Although Richard wouldn’t dare show it, he was relieved. Giving the shots had been oppressive, and enduring Ann’s moods even more difficult. “So now what?”

“I haven’t gotten that far,” she answered.

* * *

At sunset the group was called to the beach for the shark feeding. Not knowing the ritual, Ann peeked outside as Cooked blasted away on a conch. On the right side of his bare chest, a descending series of triangles were tattooed from shoulder to waist, continuing on under his only clothing, a loosely wrapped pareu. He looked like a travel brochure. In fact, a year before, Cooked had been paid to do an ad for a local soda, and his likeness on posters over all the islands caused a flood of fan mail and a big boost of orange soda sales. Titi had torn the fan letters up.

He waved at Ann. When Richard and she reluctantly made their way to the beach, Loren invited everyone into the water, then went to the kitchen for the feed. The bearded man and the knitting woman were nowhere in sight. Only Richard and Dex stepped forward, shaking hands as they stood waist deep in water. The girl had put on a bikini top so skimpy that it seemed more an accessory to her nakedness than a cover. A wrap clung around her hips.

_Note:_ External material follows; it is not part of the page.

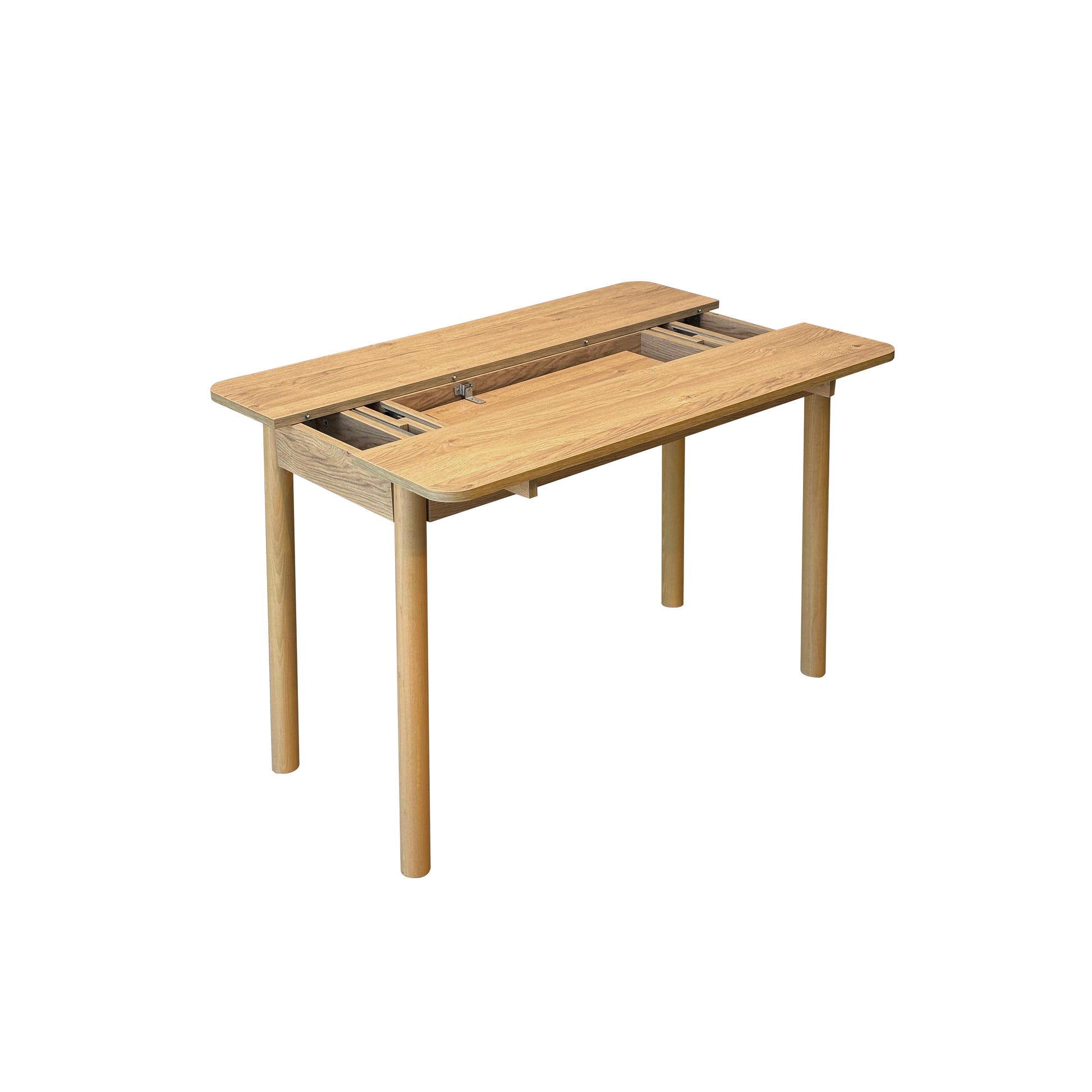 Vina Mini Açılır Mutfak Masası, küçük metrekareli mutfaklarda alan tasarrufu ve fonksiyonelliği bir arada sunar. Kapalıyken sadece 50 cm derinliğiyle bir dresuar kadar az yer kaplayan bu masa, özel mekanizması sayesinde açılarak 70 cm genişliğinde konforlu bir yemek masasına dönüşür. Karina Meşe renginin doğallığı ve masif ahşap ayakların sağlamlığıyla uzun ömürlü ve şık bir kullanım vaat eder.

A belly button ring with a pendant spelled out WILD in diamonds.

“Hi, I’m Wende,” she said. “With an ‘e .’”

“Ah,” said Ann. “Yes, you are.”

“Oh my God,” Richard screamed. “Something’s bit me!”

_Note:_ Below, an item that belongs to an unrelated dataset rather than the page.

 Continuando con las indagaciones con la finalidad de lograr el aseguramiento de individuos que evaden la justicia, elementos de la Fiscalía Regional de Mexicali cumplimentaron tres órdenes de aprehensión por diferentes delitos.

Dex bent down and looked through his mask. “It’s just a gray saying hi. He bumped his nose against you.”

Ann looked away, embarrassed for her husband. Standing beside Dex, it was hard not to make unflattering comparisons. Dex had that uncanny rocker juxtaposition of not being physically handsome and yet being achingly sexy. No, it was more than that. His fame overwhelmed the reality of him. One had to concentrate hard either on who was in front of you or what you knew about him. Putting the two together was as head-splitting as wearing 3-D glasses.

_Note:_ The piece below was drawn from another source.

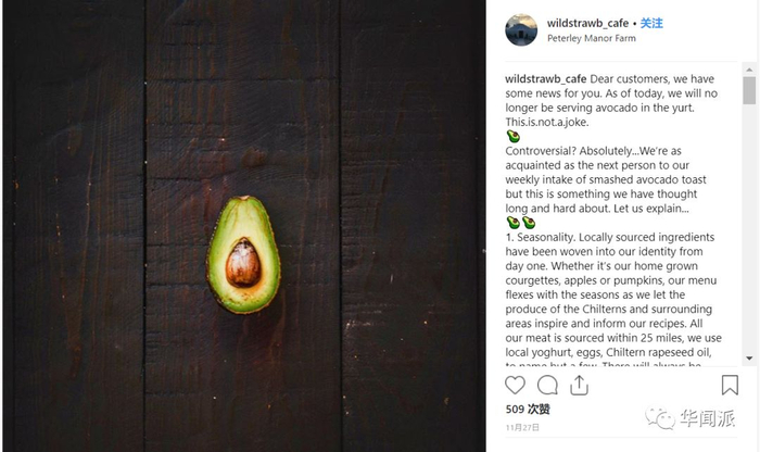 在Instagram上,餐厅主人Katy Brill发了一篇长文,声明从今往后,再也不供应牛油果了。在文中,她写到,他们供应的食物坚持就地取材,“除了意大利橄榄油和希腊羊奶酪,食物大多产自在餐厅25英里的范围内”。但是牛油果这一食材却要从远至5000公里之外运来,这在全球变暖的今天显得不合时宜。

“Please, Ann, Windy, go in,” Loren yelled from the kitchen.

“He refuses to get my name right,” Wende whispered.

“What if a shark attacks?” Ann asked.

Loren picked up a rifle from behind the kitchen door and waved it. “Boom, boom. Dinner.”

Ann frowned. If she feigned sickness, would they be entitled to a refund? Maybe they could still go on to New Zealand or Thailand.

“I thought Polynesia was all about peace and love,” Wende said.

Ann nodded in sympathy. “Looks can be deceiving. What about Cook, Crusoe, cannibalism?”

The men put on snorkeling masks and waded out into chest-high water, then squatted down. Again, Loren high-stepped like a comical bird straight into the water as he had at the hotel pool, this time holding a basket of fish remains. Ann saw this was his shtick, how he entertained people. The blade of a black fin rose and then submerged along the surface of the water. She closed her eyes.